Personal leave (covering both sick and carers leave) is both an entitlement and workplace right that is provided to all full-time and part-time employees under the National Employment Standards (NES). The  NES provides that an eligible employee is entitled to a yearly personal leave entitlement of 10 days for full-time employees, and pro-rata for part-time employees, that is based on their ordinary hours of work. An employee can take as much paid sick leave as they have accumulated where they are not fit for work because of an illness or injury, provided that they comply with requests from their employer to provide reasonable supporting evidence.

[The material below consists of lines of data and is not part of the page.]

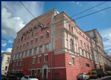
вулиця Римарська , Театр «Березиль»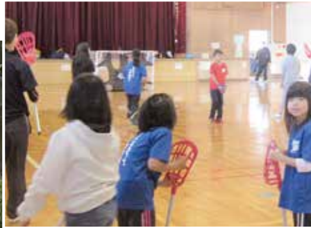
池の里クラブ後期スポーツ教室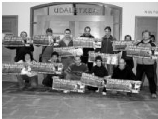
Tolosaldeko Bai Euskal Herriari ekimenak egindako agerraldia. HITZA

eta etzi, bai eta datorren asteburuan ere EHNA tramitatzeko. Hala, Tolosaldeko nahiz Leitzaldeko herritarrek euren herrietatik mugitu gabe egin ahalgo dute eskaria, izan ere, herri guztietan jarri dute hitzordua horretarako.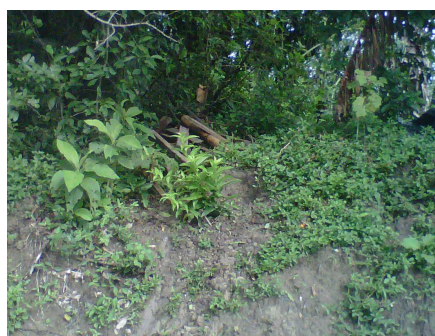
Lagunas de oxidación corregimiento de Zaragoza, y plántulas sembradas para mitigar olores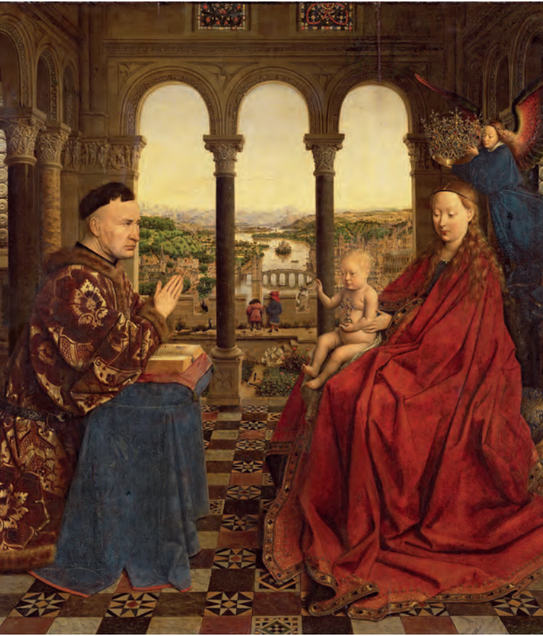
Наверху: Ян ван Эйк. Мадонна канцлера Ролена. 1435. Ван Эйк в реалистичной манере написал маслом Мадонну, канцлера и убедительный пейзаж на заднем плане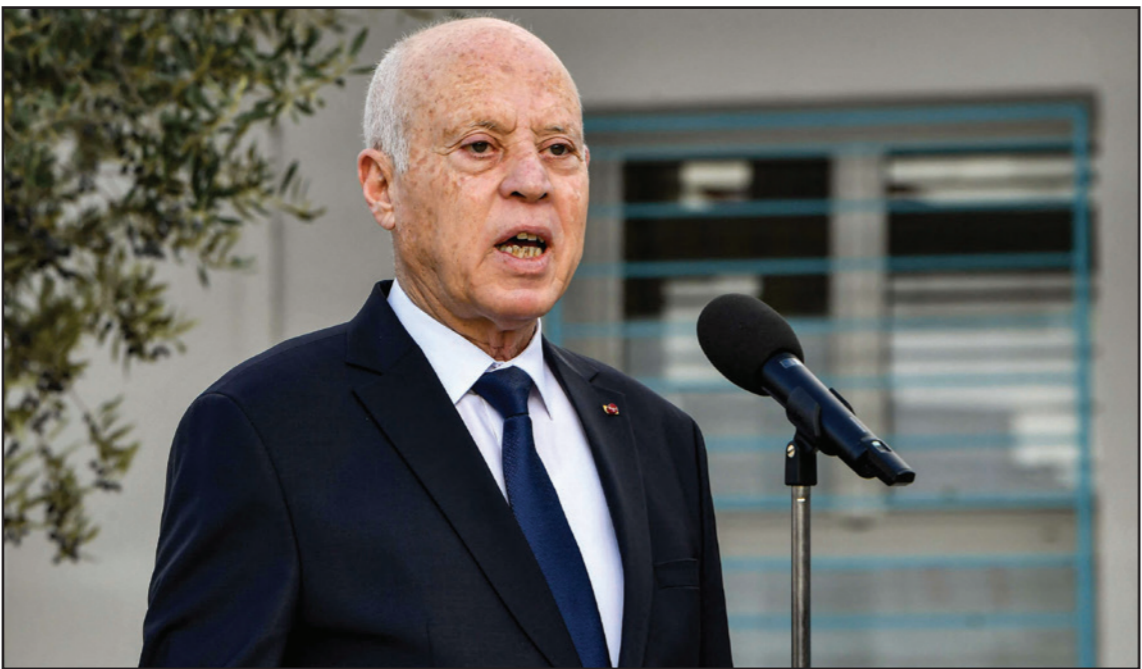
الرئيس التونسي قيس سعيد

وخاطب عدد من ضباط الأمن بقوله: «قمتم بالواجب وستواصلون العمل حتى لا يستباح وطننا من أي كان بناء على القانون وعلى قيمنا التي تفرض علينا عدم القبول بالاتجار بالبشر وبأعضاء البشر، ولن نقبل بكل اصناف الجريمة»، متابعاً «نحن من ضحايا اقتصاد عالمي غير عادل، ونرفض بكل وضوح أن نتفاقم أو ضاع شعبنا وأن نطالنا آثاره المدمرة وتبعاته الخطيرة تحت أي عنوان».

The Fair Work Act 2009 prohibits an employer from taking adverse action against an employee for having utilised a workplace right. A person will be deemed to have a workplace right under the Act if they:

  • are entitled to the benefit of a workplace law, workplace instrument or an order made by an industrial body.
  • have a role or responsibility under a workplace law, workplace instrument or order made by an industrial body.
  • are able to initiate or participate in a process or proceedings under a workplace law or instrument.
  • are able to make a complaint or inquiry to a person or body with capacity to seek compliance with a workplace law or instrument, or
  • are able to make a complaint or inquiry in relation to their employment.

Given the general protections that are afforded under the Fair Work Act 2009, an employer generally cannot discipline or terminate an employee on the grounds of them having exercised a right to take paid personal leave.

Non-temporary absences

Where an employee’s absence:

  • exceeds a period of three consecutive months, or a total of more than 3 months over a 12 month period and
  • includes a period of unpaid personal leave

The employee may no longer have protections from unfair dismissal.  

Dismissal of an employee who has been absent for more than three months (including a period of unpaid leave) is a complex matter and requires that due process be followed. Advice should be sought from our HR Advisory team prior to such a process being commenced. 

When can disciplinary action occur?

While the taking of personal leave itself is a protected entitlement, an employer may have a valid reason to undertake a disciplinary process with an employee for reasons that are associated with their taking of personal leave.

For example, where:

The employee has failed to comply with notification and evidence requirements when taking a period of personal leave.

An employee is required to let their employer know that they are going to be absent on sick or carer’s leave as soon as is reasonably possible (this may at times be after the leave has started).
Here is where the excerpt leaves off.